Start of SOURCE MATERIAL

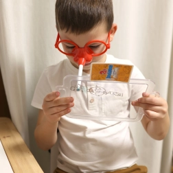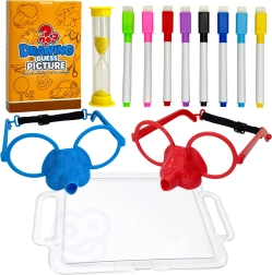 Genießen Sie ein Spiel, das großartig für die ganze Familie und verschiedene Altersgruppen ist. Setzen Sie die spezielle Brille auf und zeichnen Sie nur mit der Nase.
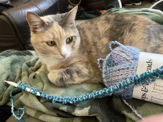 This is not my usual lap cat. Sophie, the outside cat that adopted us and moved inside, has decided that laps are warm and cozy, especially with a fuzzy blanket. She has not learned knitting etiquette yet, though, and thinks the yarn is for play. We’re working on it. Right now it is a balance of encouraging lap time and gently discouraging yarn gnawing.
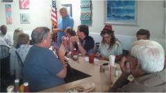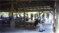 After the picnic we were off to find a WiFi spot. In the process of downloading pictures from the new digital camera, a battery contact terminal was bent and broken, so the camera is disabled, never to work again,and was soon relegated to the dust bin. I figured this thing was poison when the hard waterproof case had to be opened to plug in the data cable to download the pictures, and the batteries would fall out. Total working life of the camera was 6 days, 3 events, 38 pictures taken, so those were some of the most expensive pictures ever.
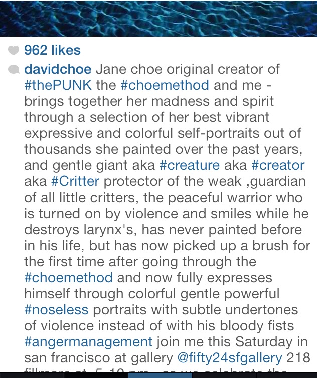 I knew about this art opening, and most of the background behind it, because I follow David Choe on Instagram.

End of SOURCE MATERIAL
Start of SOURCE MATERIAL

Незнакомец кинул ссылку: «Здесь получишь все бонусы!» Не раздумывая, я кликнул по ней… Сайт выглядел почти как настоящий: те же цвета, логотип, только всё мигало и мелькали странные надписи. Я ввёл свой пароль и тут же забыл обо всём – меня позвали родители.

End of SOURCE MATERIAL
Start of SOURCE MATERIAL

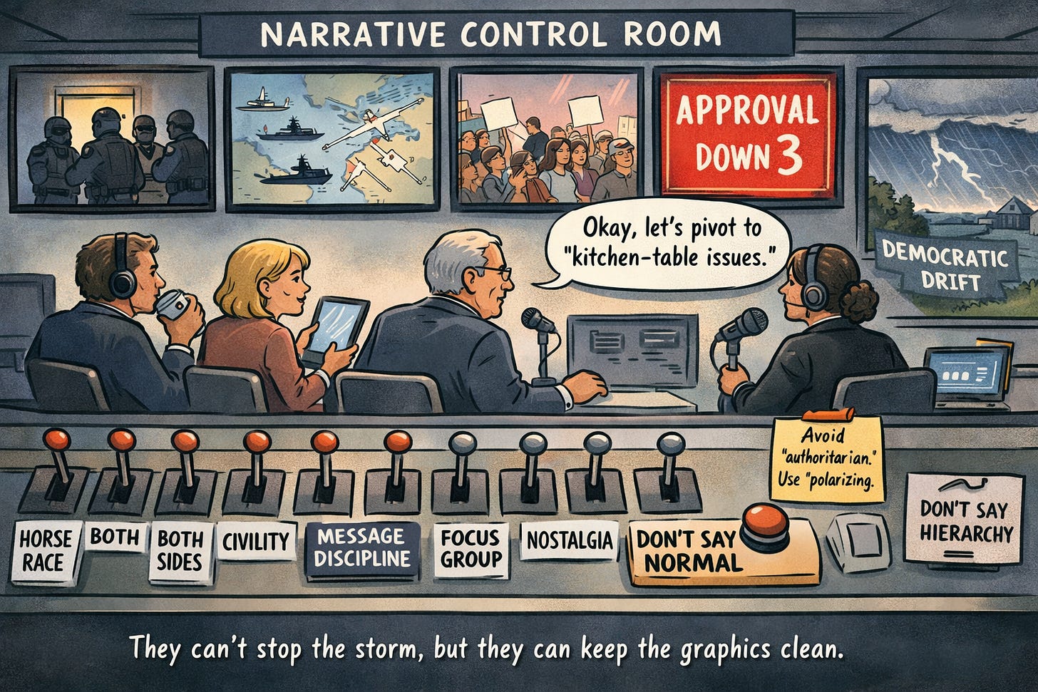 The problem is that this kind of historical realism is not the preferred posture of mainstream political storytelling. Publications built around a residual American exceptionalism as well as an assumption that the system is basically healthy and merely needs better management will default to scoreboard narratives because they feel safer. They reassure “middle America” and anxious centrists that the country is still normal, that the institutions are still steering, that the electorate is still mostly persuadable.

End of SOURCE MATERIAL

## EXERCISE DESCRIPTION
Write out word for word the lines of the listing above from the line with "This is not" to the line with "I knew about", taking in both of those lines but no pictures.

## SOLUTION FOR THIS PROBLEM
 This is not my usual lap cat. Sophie, the outside cat that adopted us and moved inside, has decided that laps are warm and cozy, especially with a fuzzy blanket. She has not learned knitting etiquette yet, though, and thinks the yarn is for play. We’re working on it. Right now it is a balance of encouraging lap time and gently discouraging yarn gnawing.
 After the picnic we were off to find a WiFi spot. In the process of downloading pictures from the new digital camera, a battery contact terminal was bent and broken, so the camera is disabled, never to work again,and was soon relegated to the dust bin. I figured this thing was poison when the hard waterproof case had to be opened to plug in the data cable to download the pictures, and the batteries would fall out. Total working life of the camera was 6 days, 3 events, 38 pictures taken, so those were some of the most expensive pictures ever.
 I knew about this art opening, and most of the background behind it, because I follow David Choe on Instagram.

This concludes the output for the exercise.